**Exercise description**
Reproduce the data below exactly. Skip the pictures.

**Data provided**
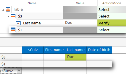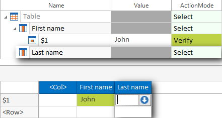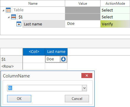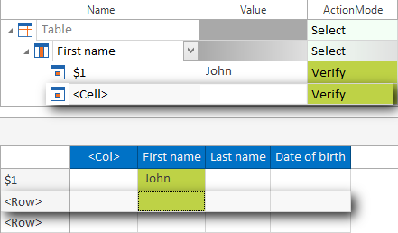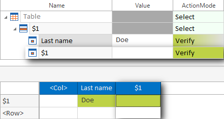 Die gewählte Spalte wird im Tabellensteuerungs-Editor angelegt. In den Details wird für die gewählte Zeile eine Zelle mit der Aktion Verify angelegt.
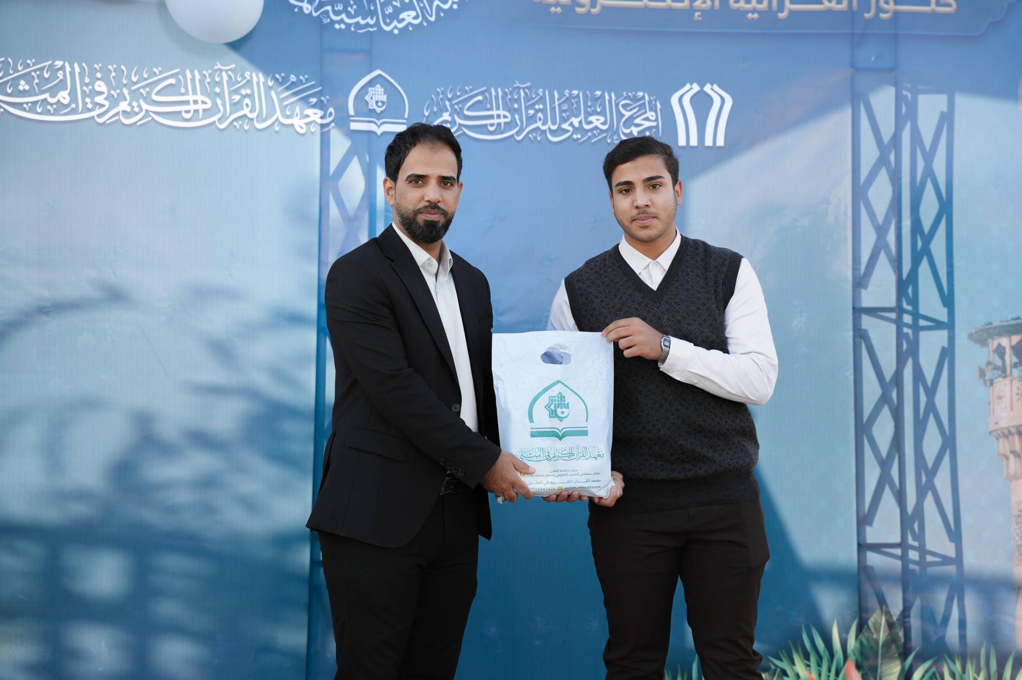 اختتم المجمع العلمي للقرآن الكريم في العتبة العباسية المقدسة مسابقة "كنوز القرآنية الإلكترونية"، تزامناً مع ذكرى ولادة الإمام محمد الباقر والإمام علي الهادي (عليهما السلام). وافتتحت فقرات حفل الختام بتلاوة مباركة من آيات الذكر الحكيم تلاها القارئ حسن الخالدي، تلتها كلمة لمعهد القرآن الكريم في المثنى ألقاها معاون مدير المعهد السيد أحمد الموسوي، أكد فيها أهمية هذه المسابقات في ترسيخ الارتباط بالقرآن الكريم، ودورها في تشجيع الطاقات القرآنية على مواصلة مسيرتها العلمية والتربوية.
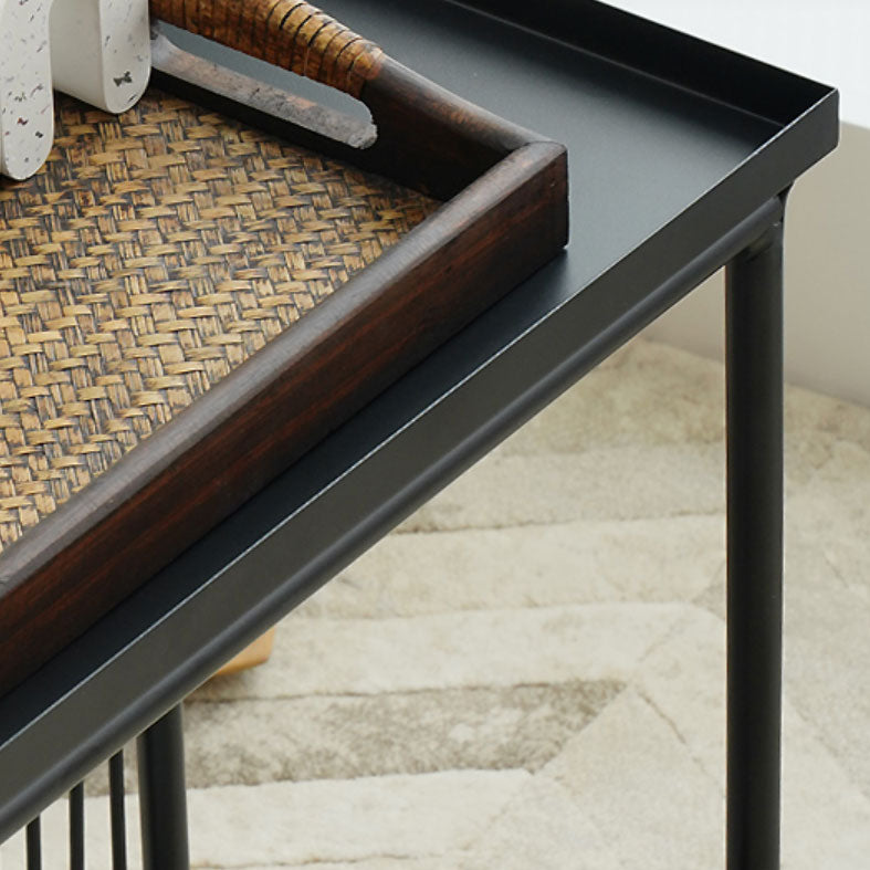 Rectangle Glass/ Metal Top Side Table 27.5" Tall 4 Legs End Table with Shelf
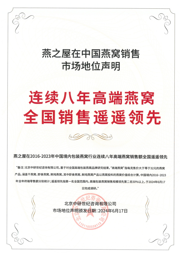 近日,根據(jù)北京中研世紀咨詢有限公司統(tǒng)計顯示,燕之屋連續(xù)八年高端燕窩全國銷售第一*(*燕之屋在2016-2023年中國境內(nèi)包裝燕窩行業(yè)連續(xù)八年高端燕窩銷售額全國第一)、燕之屋連續(xù)八年高端燕窩全國銷售遙遙領先*(*燕之屋在2016-2023年中國境內(nèi)包裝燕窩行業(yè)連續(xù)八年高端燕窩銷售額全國遙遙領先),不僅體現(xiàn)了燕之屋硬核的產(chǎn)品力和強大的品牌影響力,也證明了其在燕窩行業(yè)的頭部地位。
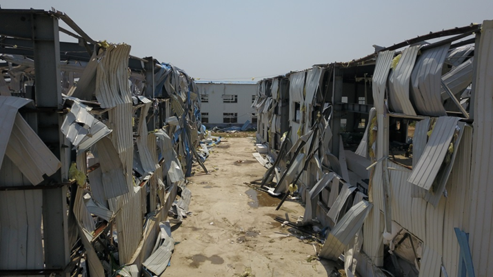 最终,专家们通过沿着龙卷风移动路径进行现场调查,在工业园区中部发现一座钢筋混凝土框架结构的二层楼被夷为平地,判定龙卷风在此处达到最强,确定其强度为中国龙卷风强度等级四级(相当于EF4级)。
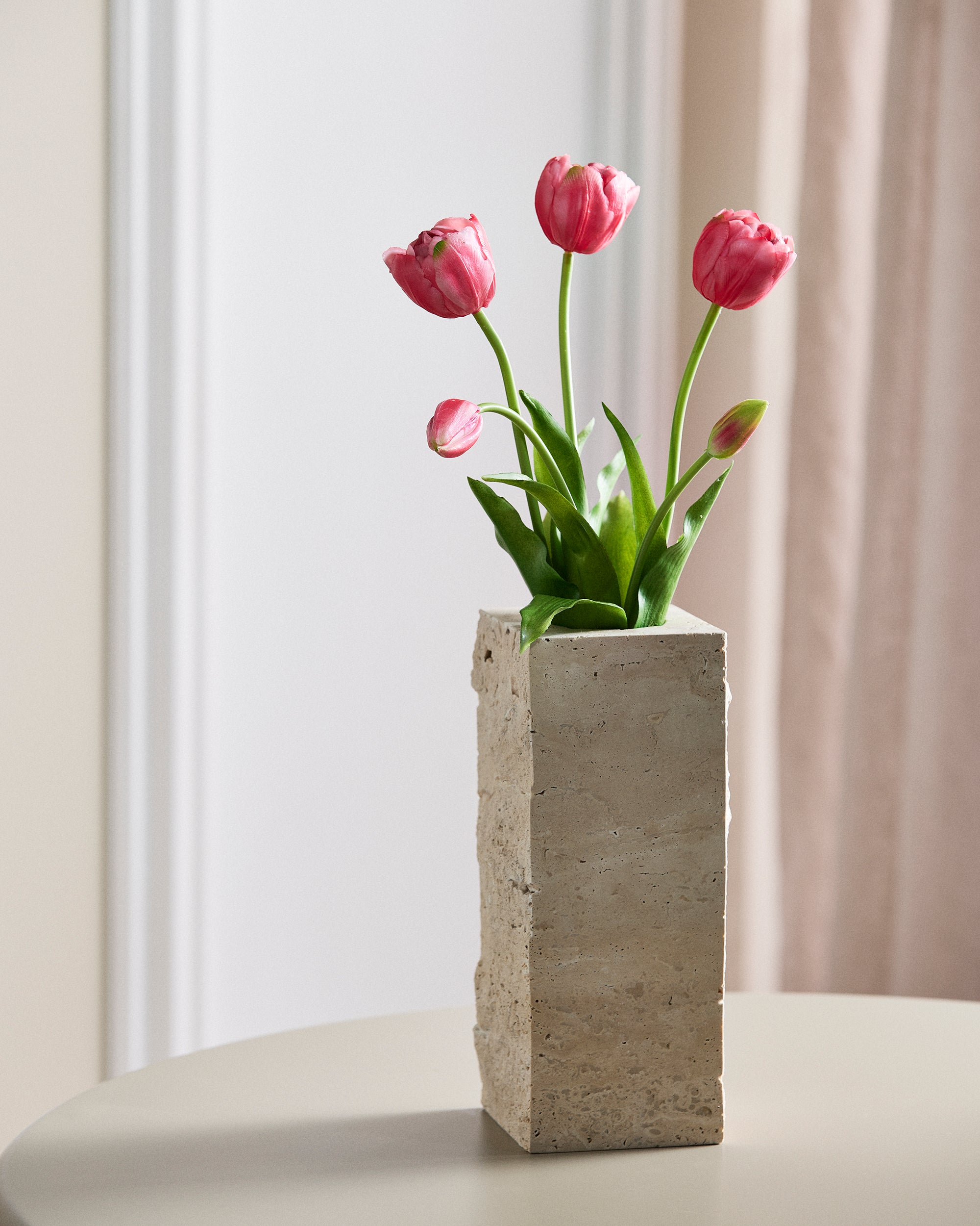 Hver tulipan er håndlavet i blød latex med lag på lag af kronblade i fine nuancer og subtile variationer i både form og overflade. Det skaber en realisme og fylde, der fanger essensen af friske tulipaner – så naturtro, at det næsten er umuligt at se forskel.
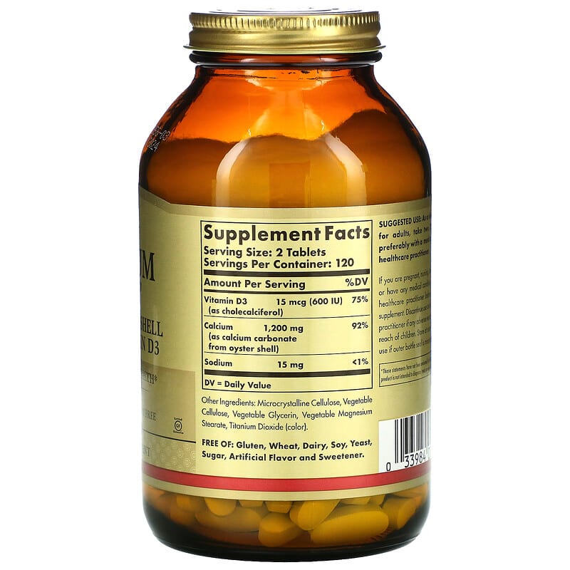 Viên uống Solgar Calcium 600 từ vỏ sò với Vitamin D3, hỗ trợ xương chắc khỏe, 240 viên. Sản phẩm dinh dưỡng chất lượng cao. 033984004177
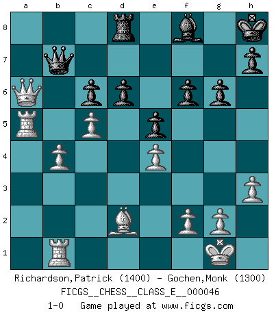 Last move : 1-0 2007 August 27 11:51:21 [Event "FICGS__CHESS__CLASS_E__000046"] [Site "FICGS"] [Date "2007.04.22"] [Round "1"] [White "Richardson,Patrick"] [Black "Gochen,Monk"] [Result "1-0"] [WhiteElo "1400"] [BlackElo "1300"] 1.e4 d6 2.d4 e6 3.Nf3 Nc6 4.Nc3 a6 5.Be2 Nge7 6.O-O e5 7.Bc4 f6 8.a3 b5 9.Ba2 g6 10.d5 Bg4 11.dxc6 Nxc6 12.h3 Bxf3 13.Qxf3 b4 14.Nd5 Bg7 15.Be3 Rb8 16.axb4 Nxb4 17.Nxb4 Rxb4 18.b3 O-O 19.c3 Rb7 20.b4 Kh8 21.Bd2 Qa8 22.Bd5 Qc8 23.Bxb7 Qxb7 24.Rfb1 Qb5 25.Ra5 Qb7 26.Qd3 Rd8 27.c4 Bf8 28.c5 c6 29.Qxa6 1-0 This chess game has been lost on time (started : 2007.04.22 6:24:37) King's pawn Opening Kingside Castling by player White (move 6) Kingside Castling by player Black (move 18) Player White won this chess game. Follow this game move after move (download)It is difficult to play against Einstein's theory --on his first loss to Fischer. (Mikhail Tal) Es ist nicht das erste mal, dass sich die FIDE dem Arabischen Geld gebeugt hat (über die FIDE WM 2004 in Lybien). (Larry Evans) Por la belleza de sus partidas, la claridad de su juego y lo brillante de sus ideas, Fischer se creó el mismo como un artista de la misma estatura como Brahms, Rembrandt y Shakespeare. (David Levy) Ce n'est pas pour s'amuser qu'il joue aux échecs : il célèbre un culte. (Vladimir Nabokov) Rules and bones are meant to be broken. (Anonymous)
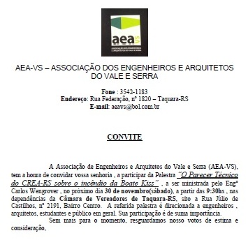 Eng.Civil Cleber Rudolfo Schonerdie (Presidente da AEA-VS) convida todos para esta importante palestra! Recomendado pelo nosso amigo Eng.Mec. Silvio Ballin
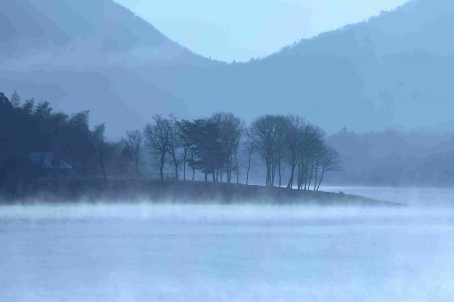 冬の千丈寺湖では頻繁に気嵐に出会うことができます。見るたびに心が洗われます。 撮影:塩田和久 |
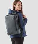 Recycled 600D polyester. PVC and phthalate free. Reinforced grab handles, top and side. Padded adjustable shoulder straps. Padded air mesh back panel. Main zip compartment. Internal organiser section. Secure front zip pocket. Padded laptop compartment compatible up to 17". Wheeled luggage compatible. Capacity 21 litres.
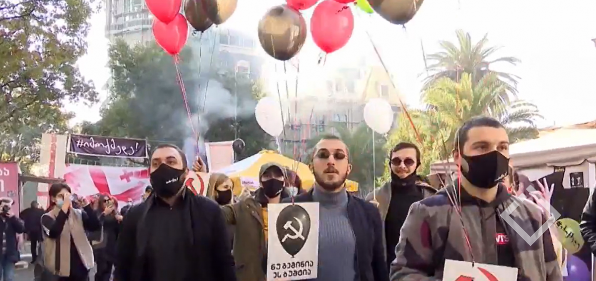 უსკოს შემაჯამებელი ოქმი აქტივისტებმა ბუშტებზე დაამაგრეს და ჰაერში გაუშვეს
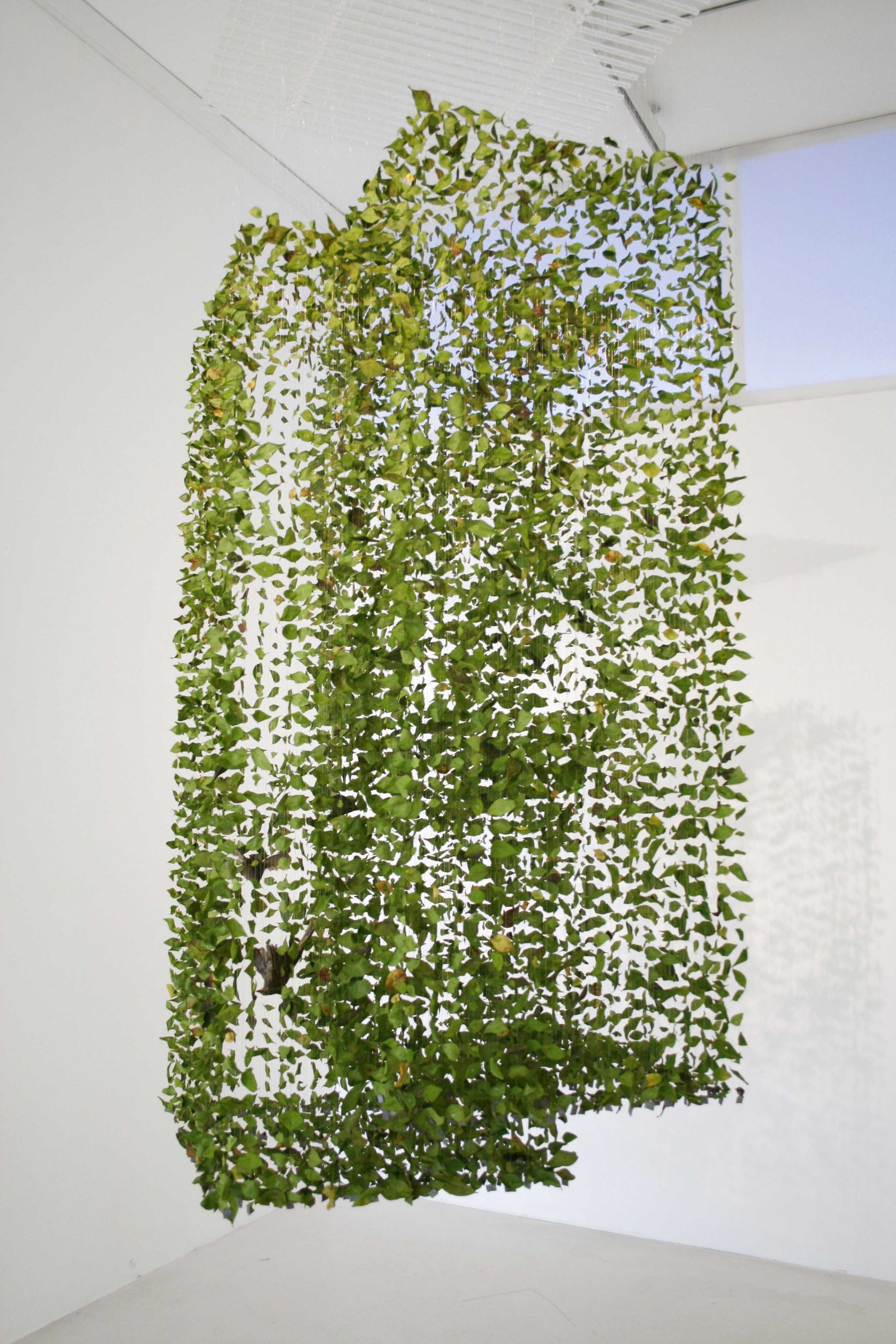 Dunnocks (taxidermy), privet leaves, lead, nylon, acrylic, 220 x 80 x 80 cm, 2010

**Written response**
 Die gewählte Spalte wird im Tabellensteuerungs-Editor angelegt. In den Details wird für die gewählte Zeile eine Zelle mit der Aktion Verify angelegt.
 اختتم المجمع العلمي للقرآن الكريم في العتبة العباسية المقدسة مسابقة "كنوز القرآنية الإلكترونية"، تزامناً مع ذكرى ولادة الإمام محمد الباقر والإمام علي الهادي (عليهما السلام). وافتتحت فقرات حفل الختام بتلاوة مباركة من آيات الذكر الحكيم تلاها القارئ حسن الخالدي، تلتها كلمة لمعهد القرآن الكريم في المثنى ألقاها معاون مدير المعهد السيد أحمد الموسوي، أكد فيها أهمية هذه المسابقات في ترسيخ الارتباط بالقرآن الكريم، ودورها في تشجيع الطاقات القرآنية على مواصلة مسيرتها العلمية والتربوية.
 Rectangle Glass/ Metal Top Side Table 27.5" Tall 4 Legs End Table with Shelf
 近日,根據(jù)北京中研世紀咨詢有限公司統(tǒng)計顯示,燕之屋連續(xù)八年高端燕窩全國銷售第一*(*燕之屋在2016-2023年中國境內(nèi)包裝燕窩行業(yè)連續(xù)八年高端燕窩銷售額全國第一)、燕之屋連續(xù)八年高端燕窩全國銷售遙遙領先*(*燕之屋在2016-2023年中國境內(nèi)包裝燕窩行業(yè)連續(xù)八年高端燕窩銷售額全國遙遙領先),不僅體現(xiàn)了燕之屋硬核的產(chǎn)品力和強大的品牌影響力,也證明了其在燕窩行業(yè)的頭部地位。
 最终,专家们通过沿着龙卷风移动路径进行现场调查,在工业园区中部发现一座钢筋混凝土框架结构的二层楼被夷为平地,判定龙卷风在此处达到最强,确定其强度为中国龙卷风强度等级四级(相当于EF4级)。
 Hver tulipan er håndlavet i blød latex med lag på lag af kronblade i fine nuancer og subtile variationer i både form og overflade. Det skaber en realisme og fylde, der fanger essensen af friske tulipaner – så naturtro, at det næsten er umuligt at se forskel.
 Viên uống Solgar Calcium 600 từ vỏ sò với Vitamin D3, hỗ trợ xương chắc khỏe, 240 viên. Sản phẩm dinh dưỡng chất lượng cao. 033984004177
 Last move : 1-0 2007 August 27 11:51:21 [Event "FICGS__CHESS__CLASS_E__000046"] [Site "FICGS"] [Date "2007.04.22"] [Round "1"] [White "Richardson,Patrick"] [Black "Gochen,Monk"] [Result "1-0"] [WhiteElo "1400"] [BlackElo "1300"] 1.e4 d6 2.d4 e6 3.Nf3 Nc6 4.Nc3 a6 5.Be2 Nge7 6.O-O e5 7.Bc4 f6 8.a3 b5 9.Ba2 g6 10.d5 Bg4 11.dxc6 Nxc6 12.h3 Bxf3 13.Qxf3 b4 14.Nd5 Bg7 15.Be3 Rb8 16.axb4 Nxb4 17.Nxb4 Rxb4 18.b3 O-O 19.c3 Rb7 20.b4 Kh8 21.Bd2 Qa8 22.Bd5 Qc8 23.Bxb7 Qxb7 24.Rfb1 Qb5 25.Ra5 Qb7 26.Qd3 Rd8 27.c4 Bf8 28.c5 c6 29.Qxa6 1-0 This chess game has been lost on time (started : 2007.04.22 6:24:37) King's pawn Opening Kingside Castling by player White (move 6) Kingside Castling by player Black (move 18) Player White won this chess game. Follow this game move after move (download)It is difficult to play against Einstein's theory --on his first loss to Fischer. (Mikhail Tal) Es ist nicht das erste mal, dass sich die FIDE dem Arabischen Geld gebeugt hat (über die FIDE WM 2004 in Lybien). (Larry Evans) Por la belleza de sus partidas, la claridad de su juego y lo brillante de sus ideas, Fischer se creó el mismo como un artista de la misma estatura como Brahms, Rembrandt y Shakespeare. (David Levy) Ce n'est pas pour s'amuser qu'il joue aux échecs : il célèbre un culte. (Vladimir Nabokov) Rules and bones are meant to be broken. (Anonymous)
 Eng.Civil Cleber Rudolfo Schonerdie (Presidente da AEA-VS) convida todos para esta importante palestra! Recomendado pelo nosso amigo Eng.Mec. Silvio Ballin
 冬の千丈寺湖では頻繁に気嵐に出会うことができます。見るたびに心が洗われます。 撮影:塩田和久 |
 Recycled 600D polyester. PVC and phthalate free. Reinforced grab handles, top and side. Padded adjustable shoulder straps. Padded air mesh back panel. Main zip compartment. Internal organiser section. Secure front zip pocket. Padded laptop compartment compatible up to 17". Wheeled luggage compatible. Capacity 21 litres.
 უსკოს შემაჯამებელი ოქმი აქტივისტებმა ბუშტებზე დაამაგრეს და ჰაერში გაუშვეს
 Dunnocks (taxidermy), privet leaves, lead, nylon, acrylic, 220 x 80 x 80 cm, 2010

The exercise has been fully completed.